REQUIRED WORK:
Below are records with pictures; copy word for word only the lines between the line with "ファンクラブオフ会 延期のお知らせ" and the line with "Les codes de", inclusive, and drop the pictures.

RECORDS:
================================
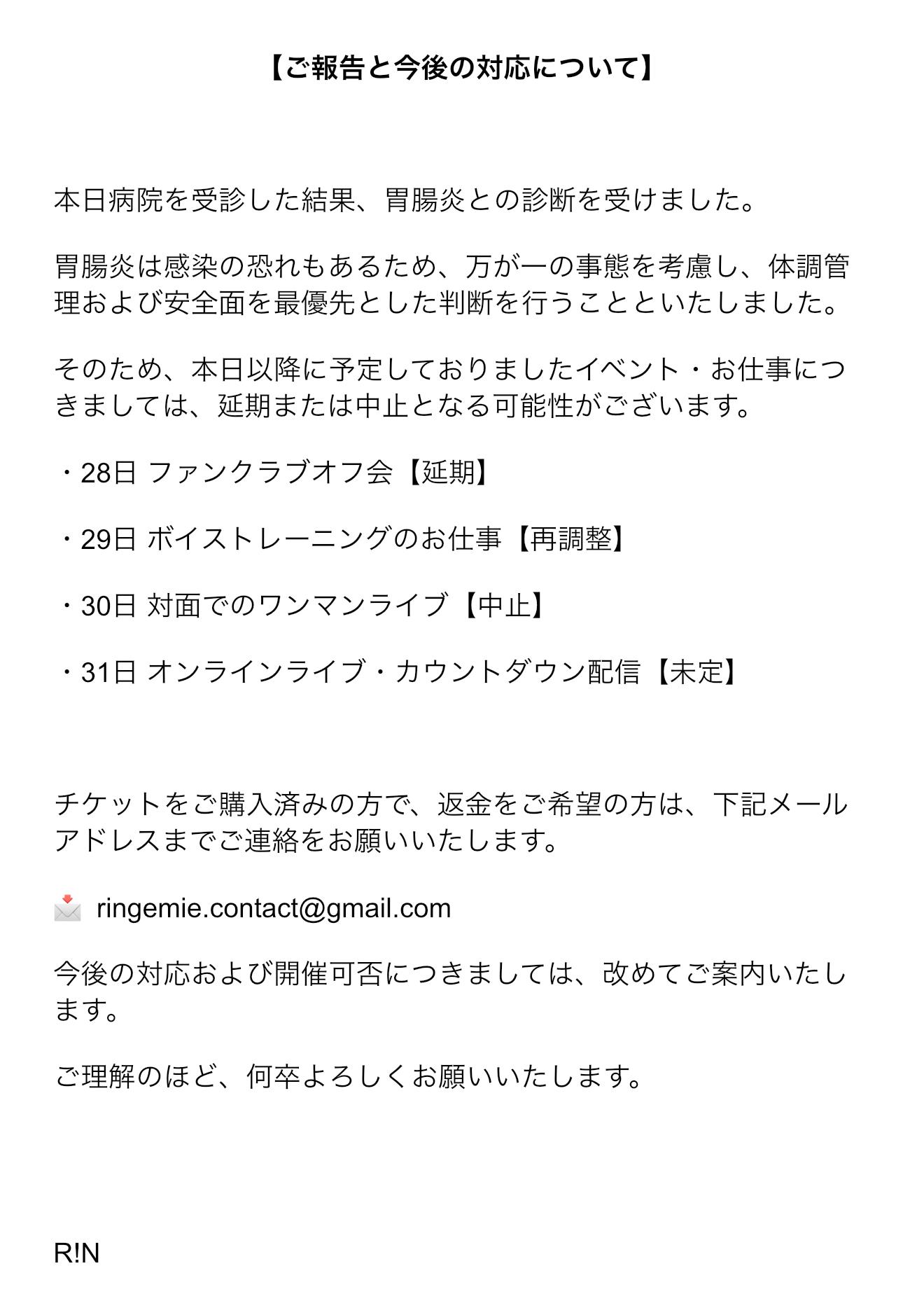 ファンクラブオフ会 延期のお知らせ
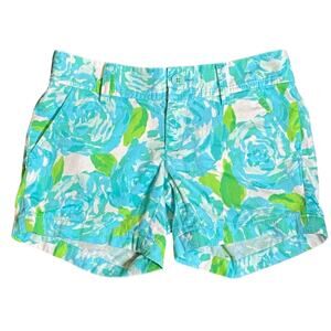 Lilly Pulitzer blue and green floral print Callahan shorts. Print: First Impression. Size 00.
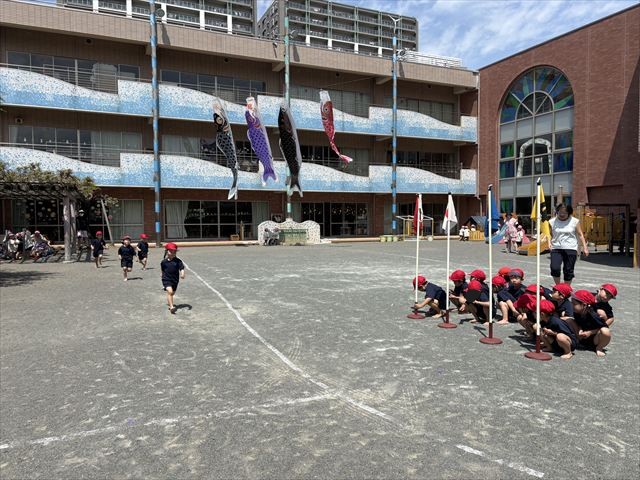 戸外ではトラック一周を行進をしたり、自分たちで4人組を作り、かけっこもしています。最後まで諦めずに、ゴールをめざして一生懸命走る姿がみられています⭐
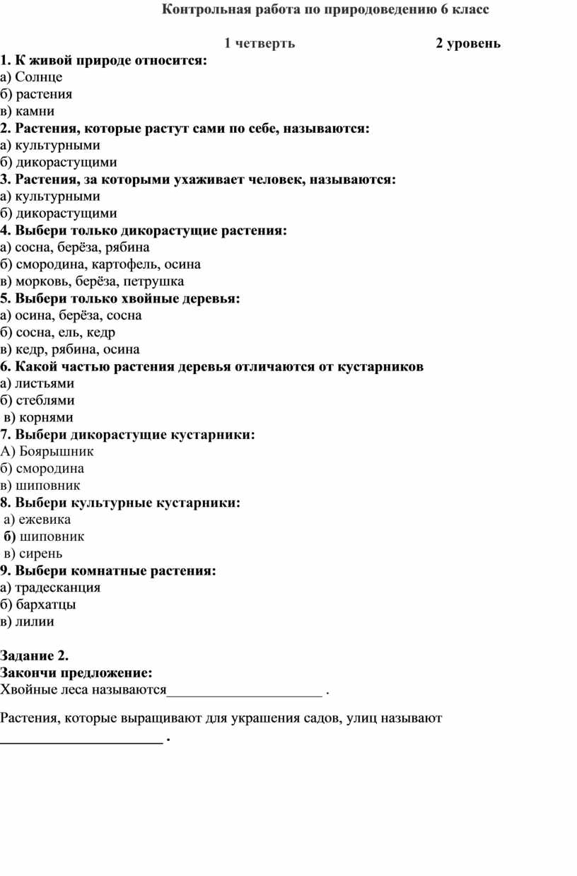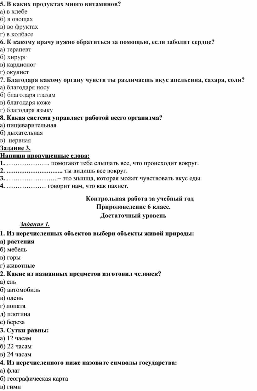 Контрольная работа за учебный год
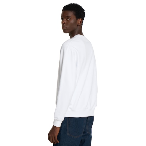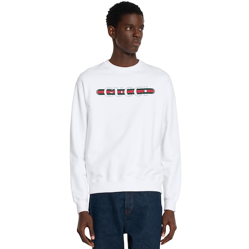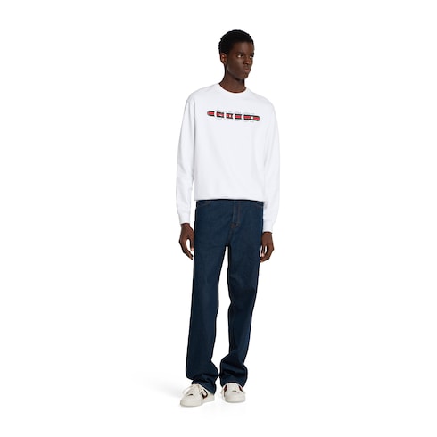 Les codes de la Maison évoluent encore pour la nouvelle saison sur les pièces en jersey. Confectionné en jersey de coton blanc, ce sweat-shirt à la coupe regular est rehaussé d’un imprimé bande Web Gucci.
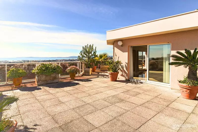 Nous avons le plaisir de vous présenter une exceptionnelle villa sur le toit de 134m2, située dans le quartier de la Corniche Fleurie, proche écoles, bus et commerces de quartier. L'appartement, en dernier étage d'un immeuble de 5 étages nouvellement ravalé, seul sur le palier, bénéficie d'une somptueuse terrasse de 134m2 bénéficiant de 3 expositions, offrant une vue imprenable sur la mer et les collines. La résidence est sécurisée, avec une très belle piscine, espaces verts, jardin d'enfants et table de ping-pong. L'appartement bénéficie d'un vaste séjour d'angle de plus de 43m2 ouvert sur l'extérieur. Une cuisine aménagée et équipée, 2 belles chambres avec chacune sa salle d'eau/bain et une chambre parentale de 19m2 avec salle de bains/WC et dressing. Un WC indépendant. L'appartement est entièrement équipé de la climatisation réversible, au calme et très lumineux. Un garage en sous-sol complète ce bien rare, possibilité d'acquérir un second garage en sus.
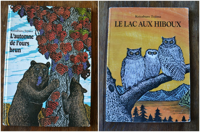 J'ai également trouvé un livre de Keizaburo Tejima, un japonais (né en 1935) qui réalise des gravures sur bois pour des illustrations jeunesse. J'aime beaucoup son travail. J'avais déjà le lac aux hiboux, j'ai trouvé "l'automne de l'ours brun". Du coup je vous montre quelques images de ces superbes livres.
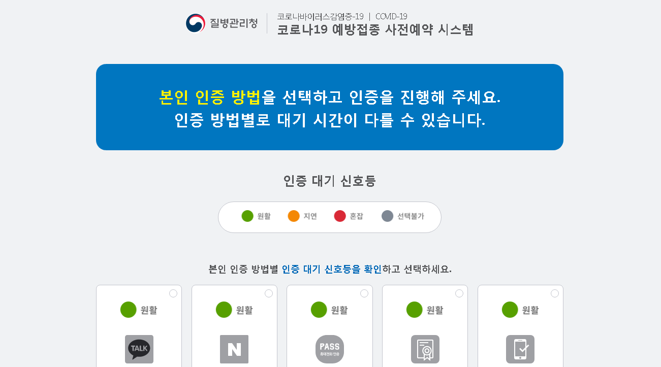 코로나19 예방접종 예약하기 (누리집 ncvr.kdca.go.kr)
================================
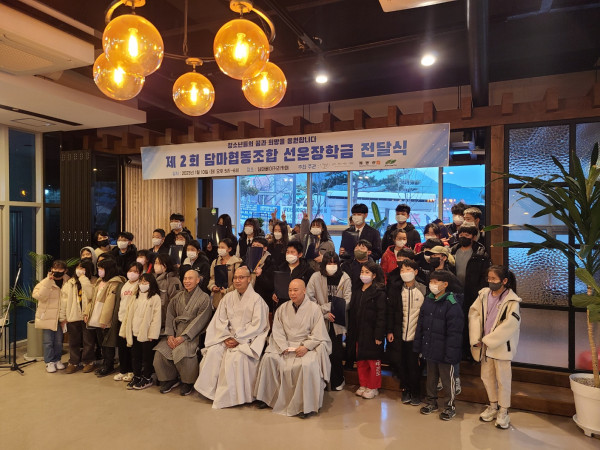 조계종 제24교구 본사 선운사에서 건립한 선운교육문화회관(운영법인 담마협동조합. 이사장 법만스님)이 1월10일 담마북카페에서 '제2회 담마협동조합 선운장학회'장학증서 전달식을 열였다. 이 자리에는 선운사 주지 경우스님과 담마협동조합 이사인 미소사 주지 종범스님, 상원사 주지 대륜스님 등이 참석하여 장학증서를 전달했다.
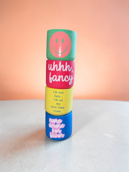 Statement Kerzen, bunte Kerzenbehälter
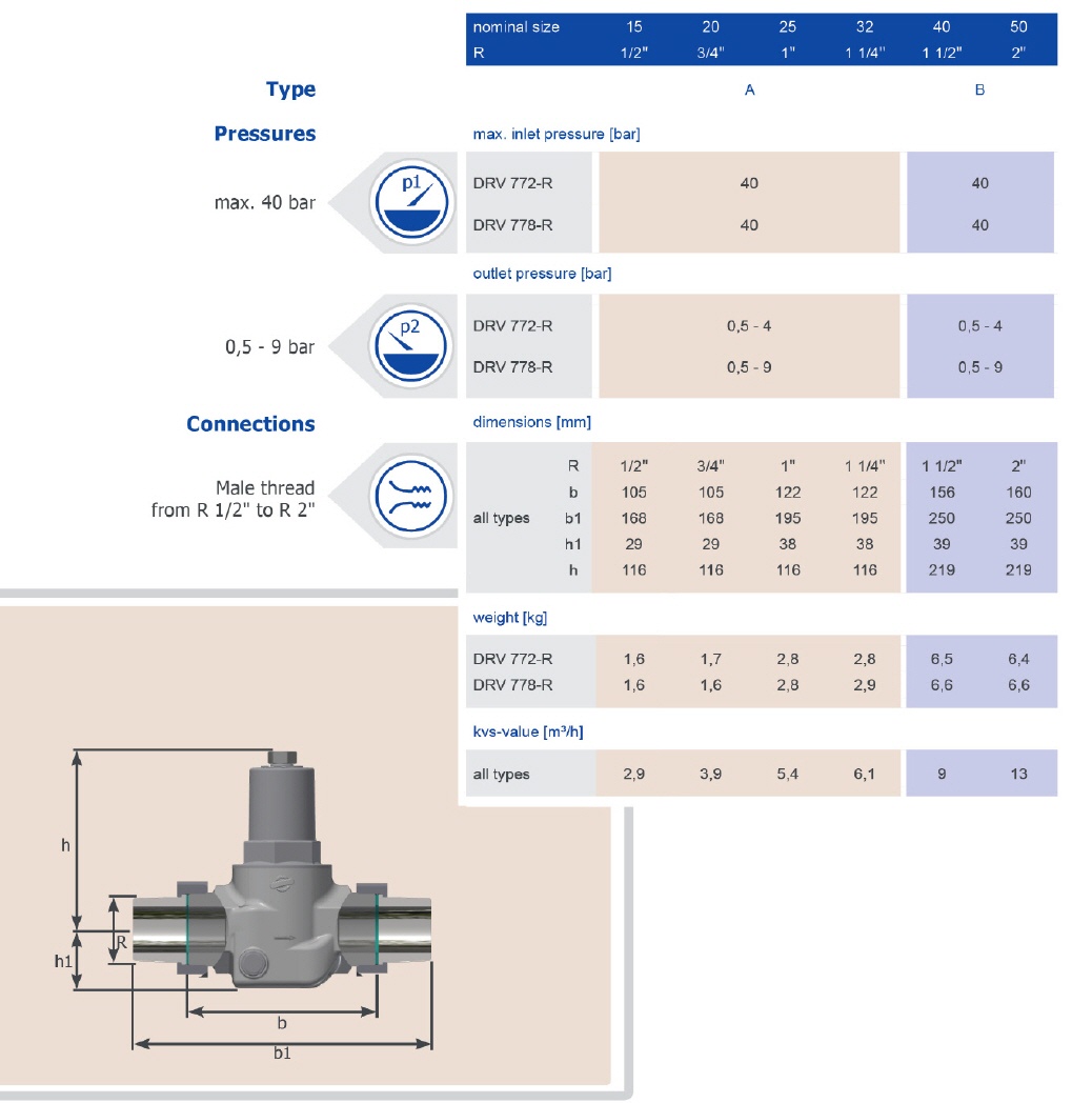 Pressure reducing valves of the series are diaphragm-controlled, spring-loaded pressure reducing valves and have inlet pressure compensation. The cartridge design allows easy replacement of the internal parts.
================================
SOLUTION TO THIS EXERCISE:
 ファンクラブオフ会 延期のお知らせ
 Lilly Pulitzer blue and green floral print Callahan shorts. Print: First Impression. Size 00.
 戸外ではトラック一周を行進をしたり、自分たちで4人組を作り、かけっこもしています。最後まで諦めずに、ゴールをめざして一生懸命走る姿がみられています⭐
 Контрольная работа за учебный год
 Les codes de la Maison évoluent encore pour la nouvelle saison sur les pièces en jersey. Confectionné en jersey de coton blanc, ce sweat-shirt à la coupe regular est rehaussé d’un imprimé bande Web Gucci.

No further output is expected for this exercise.